Today i THOUGHT about my Cruze on my way to work when i saw another one it cut me off. (sigh)




Smurfenstein said:


> What did I do?..
> 
> WHAT DID I DO?....
> 
> I did exactly what that fine mechanical machine wanted... I drove that sweet booty all up and down the street bumpin that sweet twin black widow bass.


Love bumpin Booty huh?


----------



## 2013LT (Jul 3, 2013)

Oh man this thread is turning out even better than I thought. Nice Brian.. Nice hahahaha

I might regap my plugs today if I feel some initiative strike me in the face. Probably not though lol


----------



## airbornedave (Jan 26, 2013)

2013LT said:


> I might regap my plugs today if I feel some initiative strike me in the face. Probably not though lol


It's only going to take 10 minutes of initiative, so you don't have to muster up much initiative LOL


----------



## iKermit (Dec 13, 2010)

2013LT said:


> Oh man this thread is turning out even better than I thought. Nice Brian.. Nice hahahaha
> 
> I might regap my plugs today if I feel some initiative strike me in the face. Probably not though lol


I busted my ass to install the intake, terrys cables, all all those little mods, but the easiest thing (the plugs) i never did. And i was always left to wonder what if. DO IT.


----------



## cyclewild (Aug 14, 2013)

Sadly, what I did to mine was walk past it in the garage on my way to my motorcycle to ride to work.


----------



## NYCruze2012 (Jan 16, 2012)

cyclewild said:


> Sadly, what I did to mine was walk past it in the garage on my way to my motorcycle to ride to work.

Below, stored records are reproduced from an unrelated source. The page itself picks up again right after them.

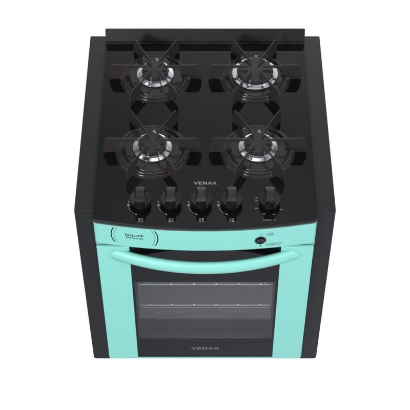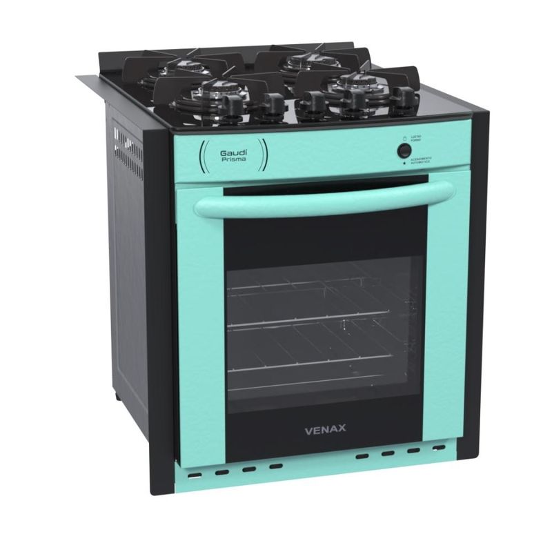 Fogao a Gas de Embutir 4 Bocas Venax Gaudi Prisma Vitreo Verde
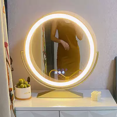 Rotating round high-definition smart mirror with light makeup mirror desktop LED light big desktop vanity mirror full of net red
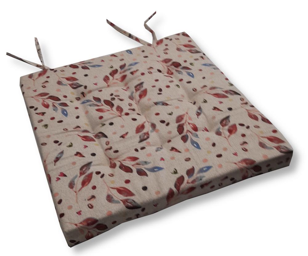 Bézs, barna levélmintás megkötős ülőpárna Loneta Lakástextil huzattalBézs, barna levélmintás megkötős ülőpárna Loneta Lakástextil huzattal
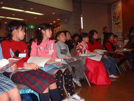 | 谷津南小学校6年生、武田莉枝ちゃん、湧井舞ちゃん、竹内采花ちゃん。谷津干潟の機能と重要性について3人で発表しました。手作りの図やぬいぐるみ、カービングを使い、中国・韓国の友だちに谷津干潟の生き物たちを紹介してくれました。 | 日本・中国・韓国の3カ国の子供たちが、アイディアを出し合って干潟新聞をつくりました。 |

You are not the only one who does that! I have done that myself from time to time. Do not feel that bad.

Sent from AutoGuide.com App


----------



## blk88verde (Apr 30, 2011)

> And my MPG/power IMO still sucks!!!!!!! I think I need to drive a 2013 Eco and compare!


 My 2011 ECO 6M just keeps getting better (mpgs and performance) at 19000 miles. As far as what I did today to my Cruze - just drive it. Monday the plan is to rotate tires and put on wheel spacers and reset the TPMS.


----------



## hificruzer226 (Mar 27, 2013)

I need to re gap my plugs I need to wash and wax bug and tar it. Install my subs... god im lazy anyone in md wanna 30 pack and come over and do the things we need to do... Maybe another cruzer would get me going kinda like a work out buddy


----------



## iKermit (Dec 13, 2010)

blk88verde said:


> My 2011 ECO 6M just keeps getting better (mpgs and performance) at 19000 miles. As far as what I did today to my Cruze - just drive it. Monday the plan is to rotate tires and put on wheel spacers and reset the TPMS.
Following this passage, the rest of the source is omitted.